When purchasing or building a home, investors and individuals must carefully consider the range of available loan options. Mortgage products each have advantages and disadvantages—some loans have smaller fees and lower interest rates while requiring large down payments, whereas others have small upfront fees but will cost thousands more throughout its life. There are loans for expensive properties, executive homes, and Veteran-specific home loans. If you’re even casually thinking about purchasing property, it is essential to review your loan options. This will allow you to understand the real cost of your mortgage—both upfront and over time.

 

Department of Veterans Affairs (VA) Home Loans

VA loans are available to veterans who have little cash but a good credit score. There are no strict limits on credit eligibility or debt-to-income ratios for borrowers, and veterans will need to obtain a Certificate of Eligibility through their lenders or the VA Loan Eligibility Center. Most underwriting items are left to the discretion of the lender, meaning there may be some variability in these loans. This is an excellent financing option for veterans, but those considering this type of loan should continue to consider other options. If you have cash and great credit, you will likely be able to find a better rate with a conventional loan.

 

Federal Housing Administration (FHA) Loans

An FHA loan is a great choice for those new to the housing market who might have few funds and a lot of debt. An FHA loan is the most forgiving of credit problems and low credit scores.

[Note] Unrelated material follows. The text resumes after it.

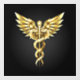 Gold polygonal Caduceus symbols on black isolated background. Low poly symbol of medicine.

Borrowers can finance up to 96.5% of the cost of their home, and the fees lenders can collect are strictly limited. An FHA loan requires both a down payment and a monthly loan insurance premium payment. Borrowers will also need mortgage insurance, which will add to the overall costs of over the life of the loan. However, the upfront portion can be financed into the loan, lowering the initial borrowing cost.

 

Conventional Loans

These loans necessitate higher down payments, better credit, and a lower income-to-debt ratio than FHA loans. Borrowers with excellent credit may only have to pay 5% down, but historically, borrowers have needed to pay 20% down. Conventional loans aren’t insured, but homeowners with this type of financing will pay a monthly premium based on the loan amount and credit score. Mortgage insurance may be canceled after two years if the home value has increased to provide 20% equity. However, if you have bad credit and several monthly debt payments, this may not be the loan option for you.

 

United States Department of Agriculture (USDA) Loans

USDA loans provide the best deal of all available mortgage products. Unfortunately, not everybody lives in an area qualifying for a USDA loan. Rates are set by lenders, but they are low and do not always require a down payment. However, there are several qualifying characteristics borrowers must have. Their income cannot exceed 115% of the median income for the area, and the home must be in an area targeted for rural development—often very out-of-the-way places that may not have good infrastructure. Finally, the home must meet USDA’s exacting standards, which can be difficult. However, if you find that you qualify for this type of loan, it is undoubtedly the best choice for your money.

 

Jumbo Loans

Jumbo loans are what you might expect—jumbo. These loans are used to purchase mansions and estates, which often exceed the borrowable amount through Fannie Mae or Freddie Mac. However, qualifying for this type of loan can be very difficult. A borrower’s credit score must be 700 or better, and the down payments are between 20% and 30%, which is meant to prove the borrower’s high income. There is no insurance for this type of mortgage, so lenders are often hesitant about providing this type of funding.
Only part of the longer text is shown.